Tag Archive: fertiliser


raspberriesSummer fruiting raspberries are just about coming to the end here at Old School Garden, but Lee Mason of Whetstone has had a disappointing harvest:

‘I planted some ‘Malling Promise’ raspberry canes back in February. They’ve grown pretty well, but the harvest has been disappointing and the new growth looks to be weak. Would a fertiliser feed help?’

Malling Promise canes (and any other summer fruiting raspberries for that matter), planted in February would have benefitted from cutting down in their first season to 100 mm (4 inches) high canes back in March to encourage strong new root development, as well as new canes for fruiting in the following season. In short, Lee, you’ve ‘got a bit ahead of yourself’!  I suggest that you cut down all growth next March. You will lose a season’s cropping, but the sacrifice will be worth it in the long run. Giving the canes a good mulch of organic matter or a general fertiliser like fish, blood and bone should also help, if applied next spring.

Raspberry flavour

Have you been disappointed with the flavour of your raspberries? Sulphate of potash is a good fertiliser to use  to enhance raspberry flavour, but only if the raspberry variety you grow has some natural flavour of it’s own. Varieties like Malling Admiral have little natural flavour, whereas Malling Jewel or Malling Promise are better.

Shrivelled fruit

Are your raspberries shrivelled up? This might be because you’ve been a little too enthusiastic in digging around the canes! Avoid digging over the ground near the roots, as raspberries are surface rooters and don’t like any cultivation anywhere near the canes. This breaks the roots- which can spread out quite a way- and as a result the plants will be unable to cope with the extra stress at fruiting time. If you restrict your cultivation to the use of a Dutch hoe and follow this up with a good deep mulch of organic matter in the spring this will do wonders for the quality of your fruit.

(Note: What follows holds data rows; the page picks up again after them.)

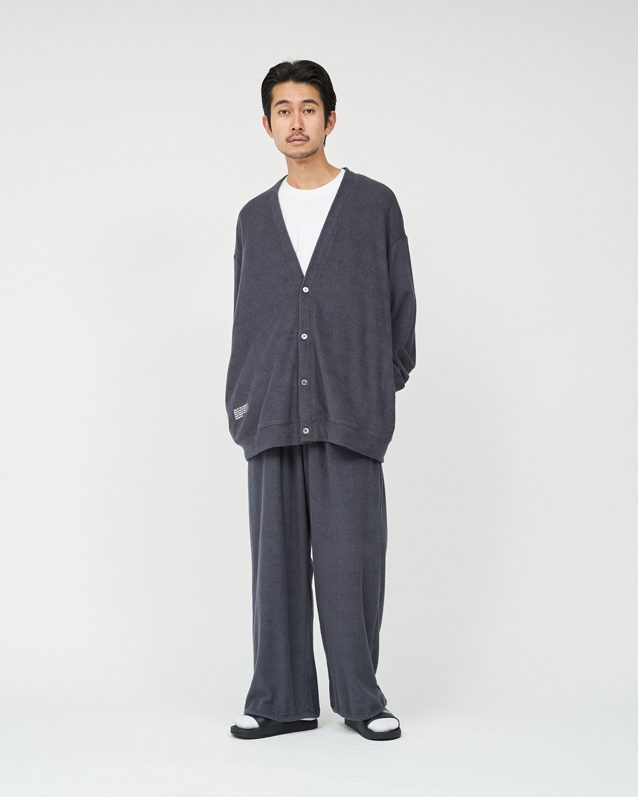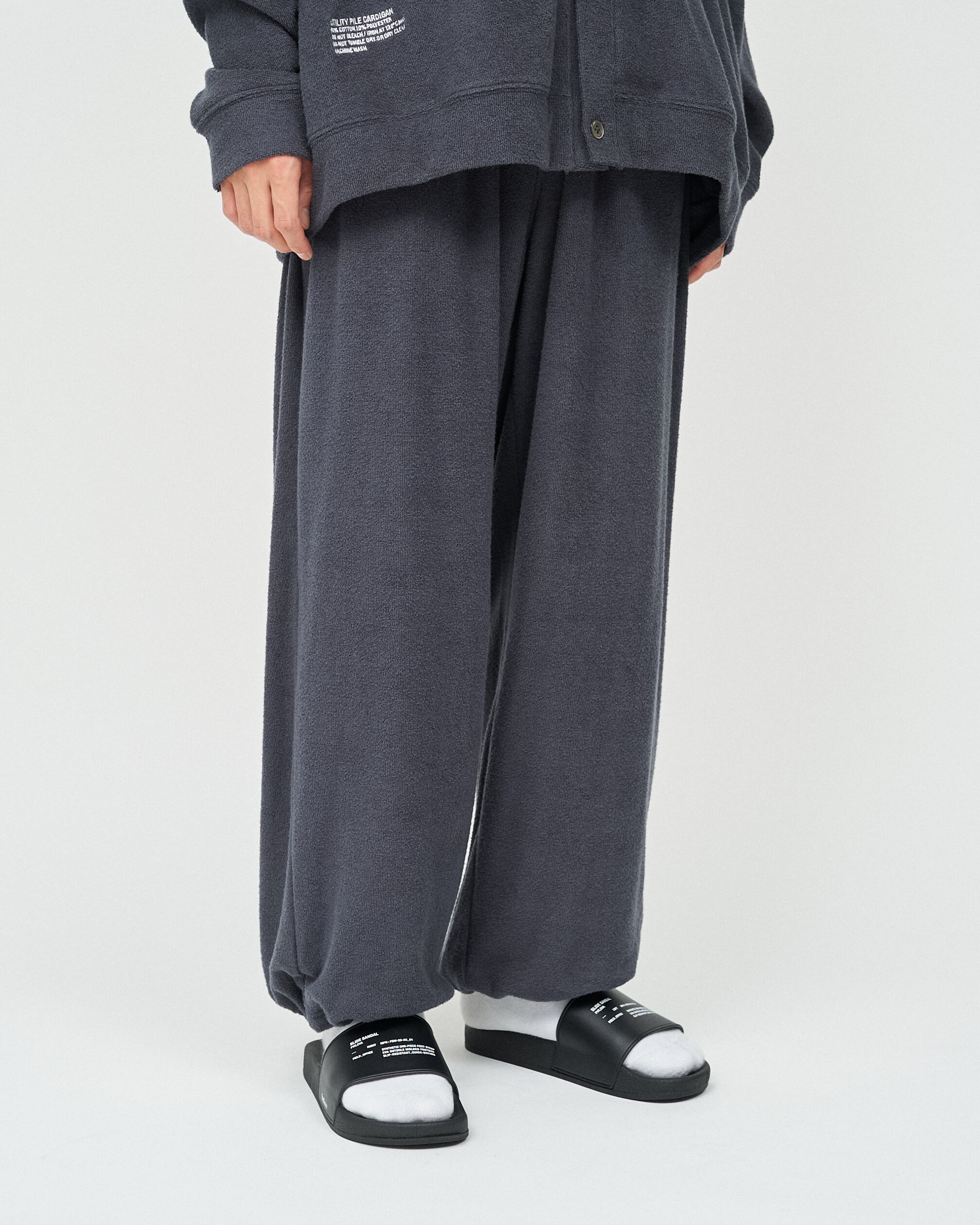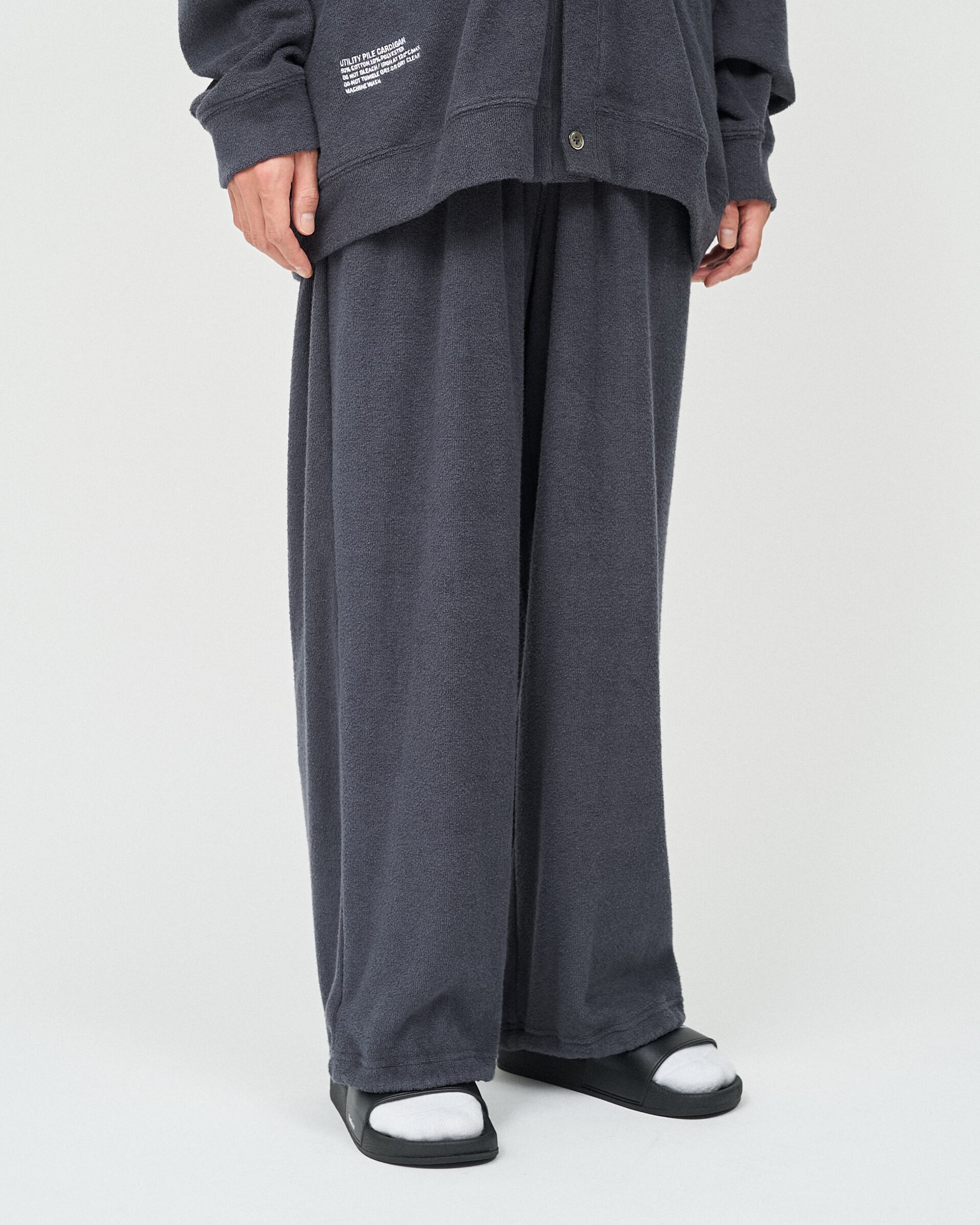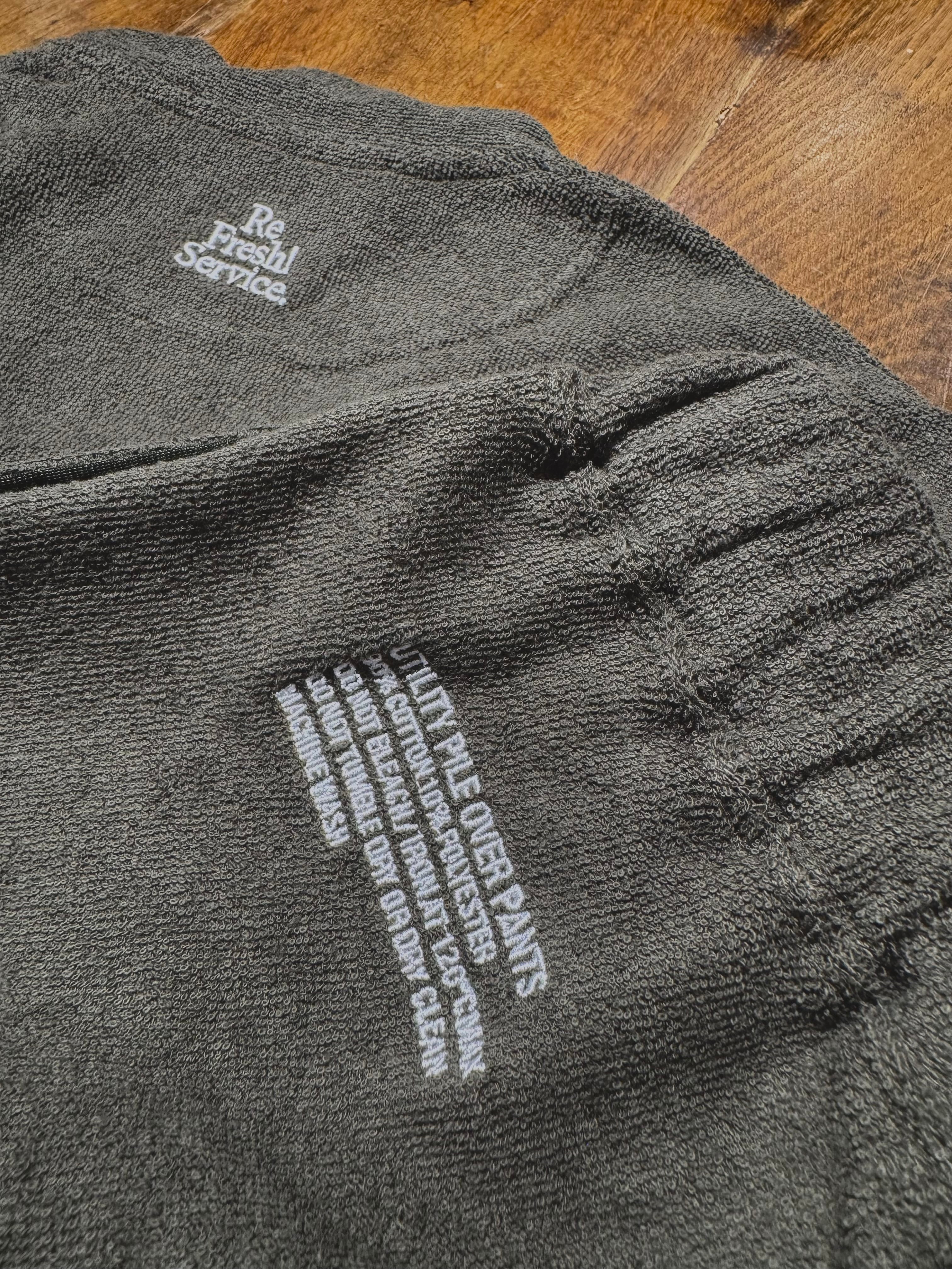 柔らかな肌触りでリラックス感溢れるパイル地を使用したReFresh!Serviceのカーディガンとイージーパンツのセットアップ。ゆったりとしたサイジングで伸縮性も抜群。通気性も良くルームウェアとしても快適。パンツの裾にはスピンドルコードが付いており、スタイリングのアレンジが可能です。
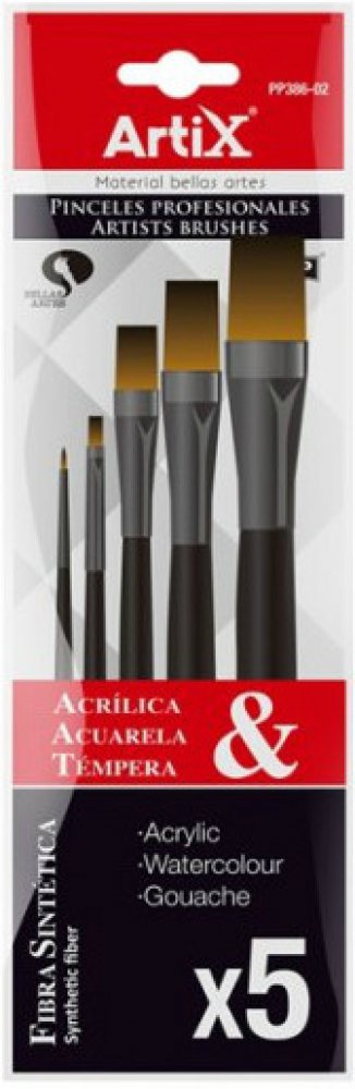 Sada profesionálních syntetických štětců vhodných na akryl, akvarel a temperu nebo kvaš. Sada obsahuje 4ks ploché č.20, 15, 10, 5 a 1ks kulatý č.2. Doporučení: Po použití štětce vyčistěte teplou vodou a mýdlem. Potom uhlaďte a vytvarujte štětiny. Štětce vždy skladujte štětinami nahoru.
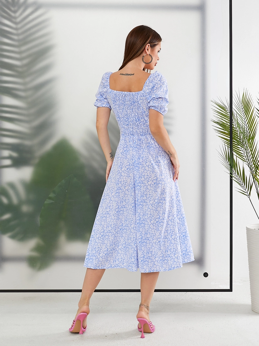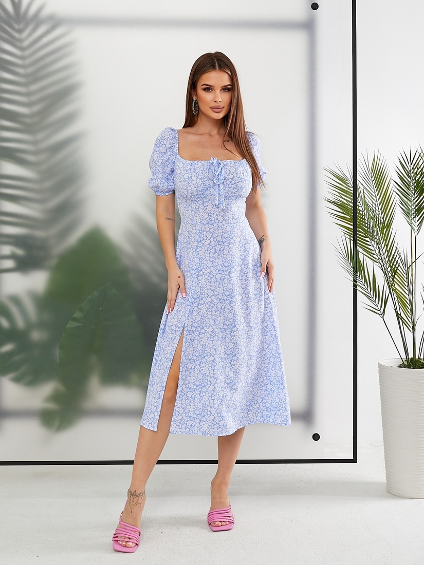 Сукня літня блакитного кольору з квітковим принтом та розрізом
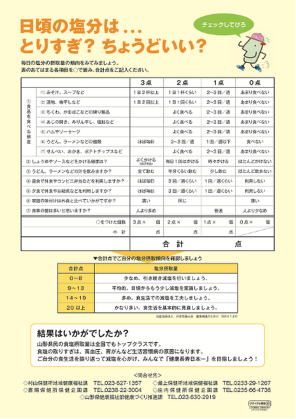 ※以下のリンク(山形県ホームページ)から塩分チェックシートと食品塩分量ポスターが入手できます。
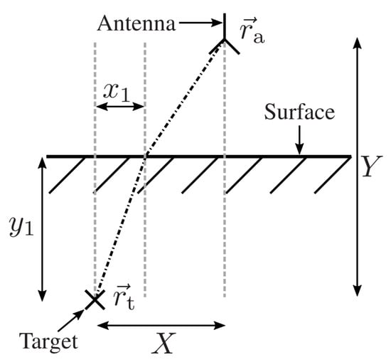 The found formula is a straightforward solution for the imaging problem. However, backprojection of the range-compressed signal relies on the modeling of the wave propagation and the according round-trip time . In case of a GPR system, the surrounding medium is inhomogeneous, where the refraction effects at the earth surface and varying propagation speeds have to be taken into account. Therefore, provided that the soil permittivity is known a priori, the main problem is to find the refraction point on the earth surface. As was shown in [], this can be achieved by evaluating Snell’s law. Figure 2 shows the measurement scenario of an antenna located at  over the soil material and the observation point  below the earth surface. We denote the overall horizontal distance between the antenna and the observation point with X and the horizontal distance between  and the refraction point with . Similarly, Y denotes the vertical distance between the antenna and the observation point, and  is the distance between  and the earth surface. In reference to Figure 2, the problem reduces to finding . According to Snell’s law, and by applying some calculations, the following equation can be derived:
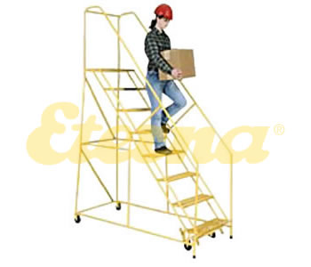 Escalera rodante de hierro. Con o sin plataforma. Ideal para trabajo seguro en depósitos, supermercados, fábricas, etc.

Cut down the canes of autumn fruiting raspberries in early March
Cut down the canes of autumn fruiting raspberries in early March

Pruning Autumn (and Summer) raspberries

The first autumn raspberries are starting to appear here at Old School Garden (earlier than normal probably due to the mild winter and spring). It looks like we’ll have a good harvest. With these, the fruit comes on canes produced in the current season, so after fruiting (which can last into October) the old canes need to be cut back, but when is the best time to do this? Well not immediately after harvesting, apart from damaged or broken canes. It’s best to leave the rest until the following spring (early March), when all the remaining canes can be cut down almost to ground level. This ensures that some protection for the newly emerging canes is provided over winter. In July weak growth can be removed so that only the strongest canes are left for fruiting.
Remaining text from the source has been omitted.